Boyle glared back at her. "We sealed up the basement after the accident," he muttered. "As far as I know, nothing was touched. Although you and Victor must have got out somehow, but otherwise, to my knowledge, the room hasn't been disturbed."

Nora nodded, standing up. "Thank you, Mr. Boyle, you've been very helpful."

"I'm glad," he replied, grinning at her. "Like I said, Nora, if you're ever in need of a warm body, I am allowed conjugal visits."

She looked at him. "If there wasn't a thick wall of glass between you and me, I'd break off a piece of it and gouge out your eyes," she whispered. "I'm not a violent woman, Mr.

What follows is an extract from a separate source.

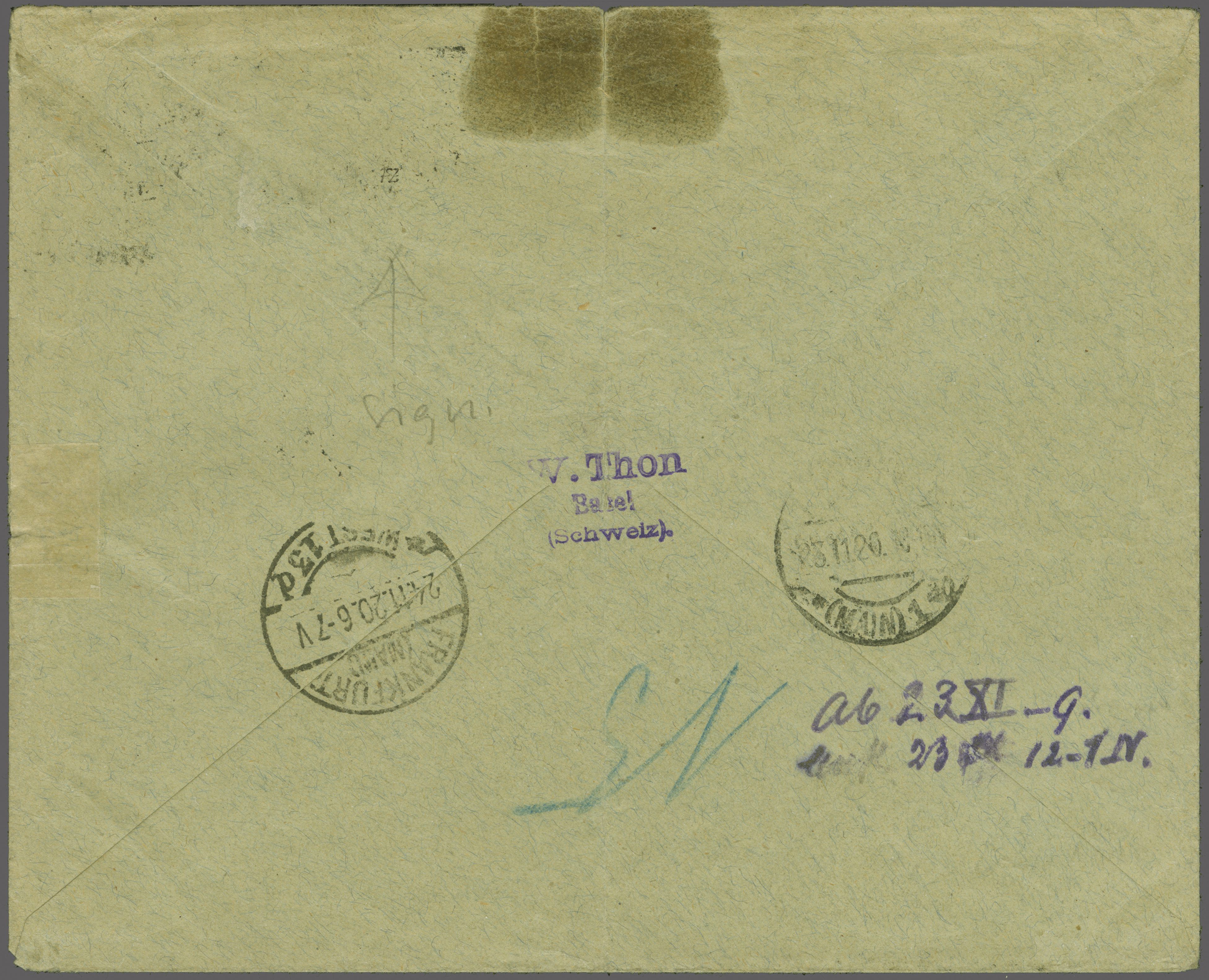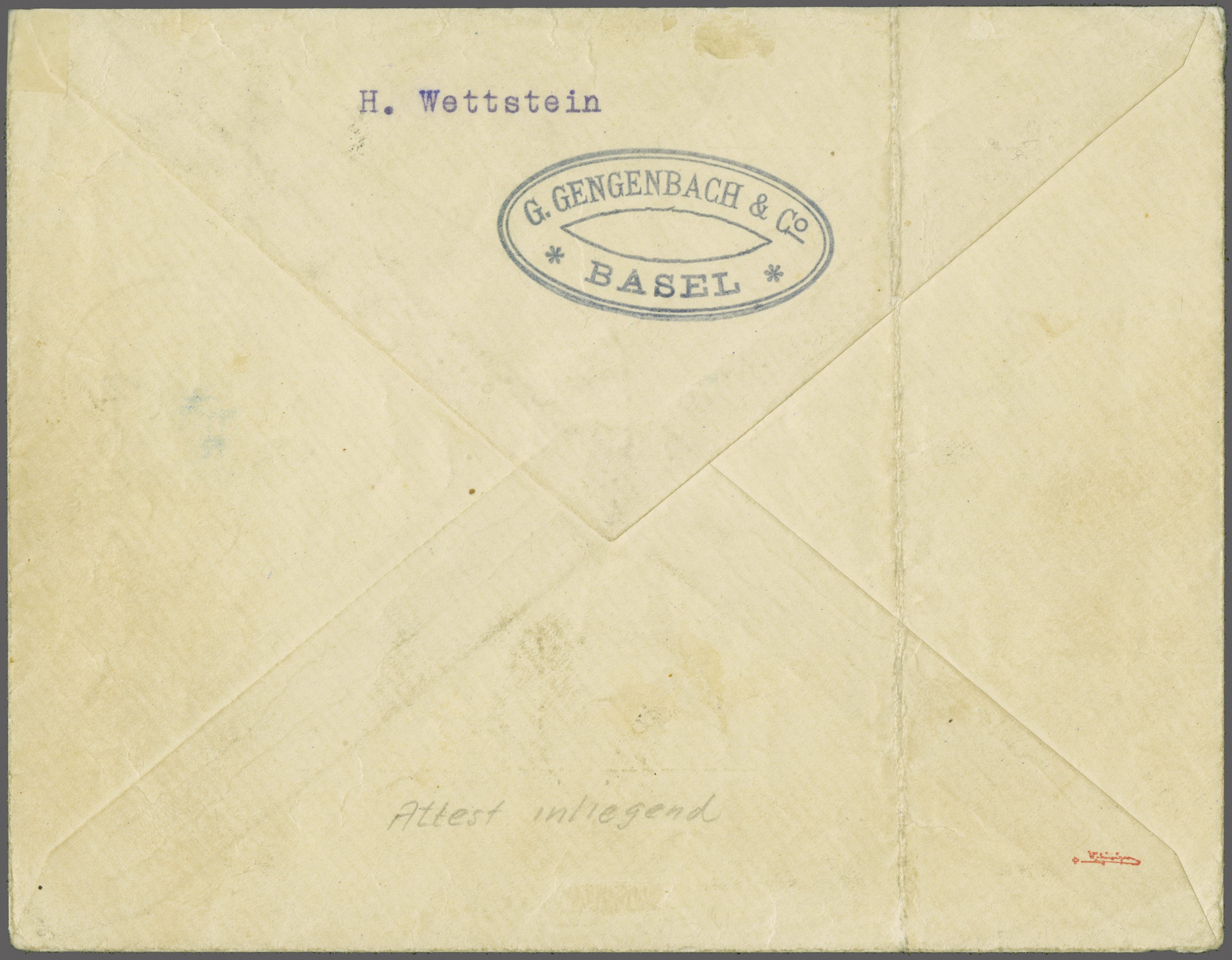 W. Thon war ein bekannter Flugpostsammler in Basel und legte stets Wert auf echt geflogene Belege. Ein weiterer Brief (ebenfalls senkr. gefaltet) der selben Korrespondenz mit Einschreibenummer '865' wurde in der Sammlung IKARUS bei Corinphila

Boyle, and I'd never want you dead. I'd just want you to suffer, as Victor has suffered, as I am suffering right now. I would want you to feel what it is like to lose something beyond precious to you. That's justice, Mr. Boyle. And I hope someday you get a taste of what that really means. Goodbye."

It was shortly after this meeting that Ferris Boyle got into a fight with another prisoner over a game of cards. The other prisoner was much stronger, and beat Boyle violently around the head, resulting in severe brain damage. Boyle lived out the rest of his days in a permanent vegetative state, utterly unresponsive to the world around him, staring straight ahead of him with blank, empty eyes. Nobody ever knew what he was thinking about. Maybe it was justice.